I think that there is a God. No question. What that God is or what we know about God, I'm not sure. The one thing I know about life and about the human race is that we've always tried to construct some kind of context for the unknown. Even the cavemen thought they had it figured out. I would say that cavemen understood on a scale of about 1. Now we've made it up to about 5. The only thing that most people don't realize is the scale goes to 1 million.

Indeed, Lucas has stated that the Force is not intended to be God, per se, but rather a general spiritual idea intended to spur thought about the idea of God:

I put the Force into the movie in order to try to awaken a certain kind of spirituality in young people – more a belief in God than a belief in any particular religious system. I wanted to make it so that young people would begin to ask questions about the mystery. Not having enough interest in the mysteries of life to ask the question, “Is there a God or is there not a God?” – that is for me the worst thing that can happen. I think you should have an opinion about that... I think it is important to have a belief system and to have faith.

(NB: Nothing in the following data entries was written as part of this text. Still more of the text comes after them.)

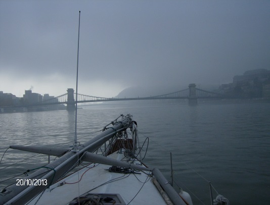 Ahogy haladtunk kifelé az Újpesti öbölből egyre nagyobb lett a köd ezért hegymenetbe indultunk tovább és kikötöttünk a Mohács mellé (köszönjük a lehetőséget).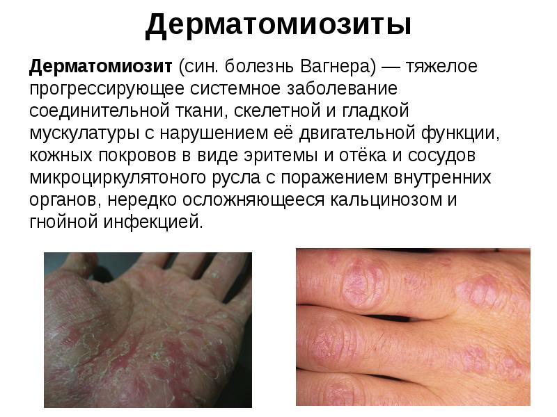К идиопатическим миозитам относится и дерматомиозит. Это диффузное воспалительное заболевание соединительной ткани с прогрессирующим течением. Для дерматомиозита характерно поражение гладких и поперечнополосатых мышц с нарушениями двигательных функций, вовлечением в патологический процесс кожи, кровеносных сосудов и внутренних органов.
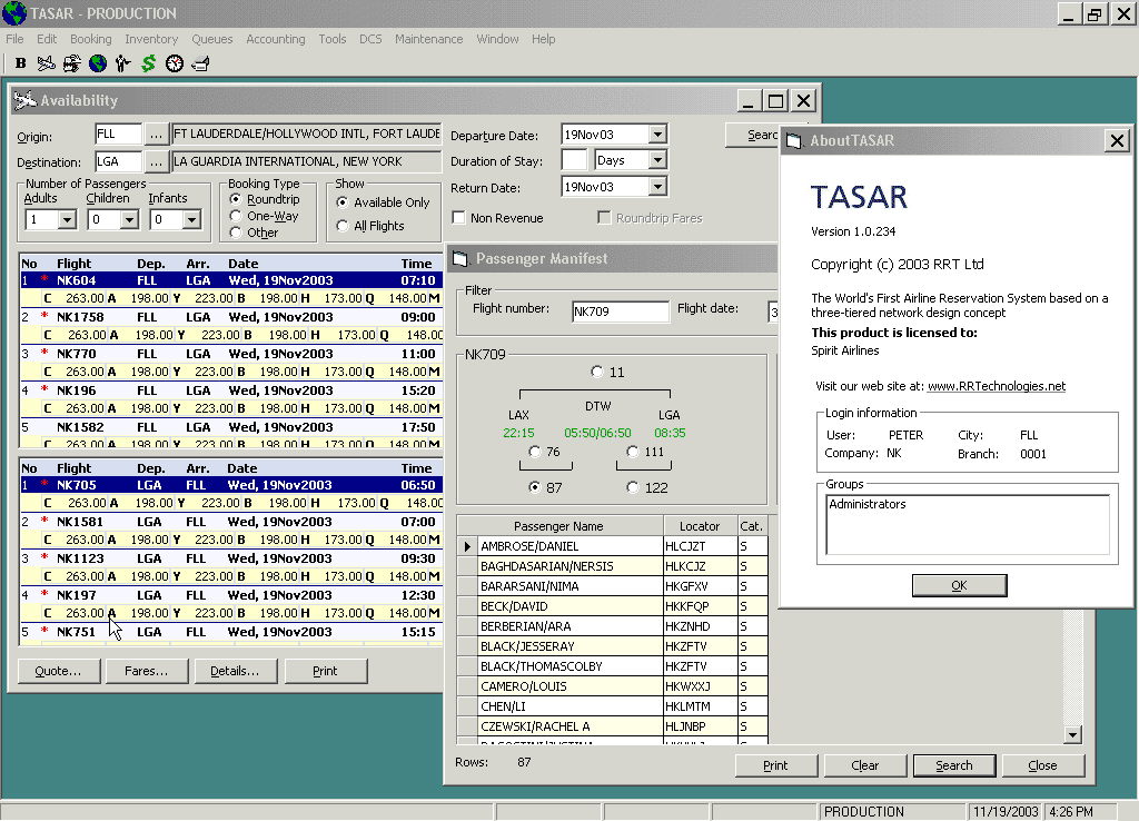 The application is based on a client/server model using personal computers with Windows as a user front-end and a UNIX database engine for the main business logic and data repository. The system distributes the processing workload on a networked array of processors. It provides customizable interfaces to external reservation systems.

On the whole, Lucas is positive about organized religion, and has stated that “I would hate to find ourselves in a completely secular world where entertainment was passing for some kind of religious experience.” Moyers challenged Lucas on the subject of authentic religion, suggesting that it requires the “leap of faith” discussed by the philosopher Kierkegaard. Lucas agreed, and noted that the phrase “Use the Force” which is intimately connected with the Star Wars franchise, is precisely denoting a leap of faith. “There are mysteries and powers larger than we are”, Lucas states, “and you have to trust your feelings in order to access them.”

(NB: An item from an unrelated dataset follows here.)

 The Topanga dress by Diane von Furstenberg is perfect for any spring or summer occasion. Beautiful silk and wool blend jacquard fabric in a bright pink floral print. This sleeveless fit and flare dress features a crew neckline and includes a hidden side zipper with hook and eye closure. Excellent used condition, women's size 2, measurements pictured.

Practitioners of traditional religions have wildly different responses to the Star Wars films, but for the most part the series is viewed positively. As well as the inevitable cases of confused Christians who attack the movies because they draw upon other traditions and are thus alleged to be “satanic” (an overt racism wildly at odds with the teachings of Jesus), or who dismiss the stories because they do not teach “True Religion”, there are many Christian accounts which stress the opportunity for using Star Wars as a stepping stone for discussing Christian faith with young people, or who praise the representation of Biblical stories in the science fiction milieu. Matthew Bortolin has published a book entitled The Dharma of Star Wars that teaches Buddhist precepts using Lucas' characters and stories, while Muslims for the most part seem to be particularly positive about the parallels between the Jedi and Islam. Irfan Rydhan writes:

As a Muslim, I always thought of the ‘Jedi’ as what a true follower of Islam should be like. Never mind the fact Jedi masters with their North African style cloaks and scruffy beards look like Sufi Sheikhs, but the way they are taught to respect a greater power, fight for the defence of the innocent and honour a code of morals and ethics in order to bring about peace and justice to their society, is basically what Islam teaches all Muslims to strive for.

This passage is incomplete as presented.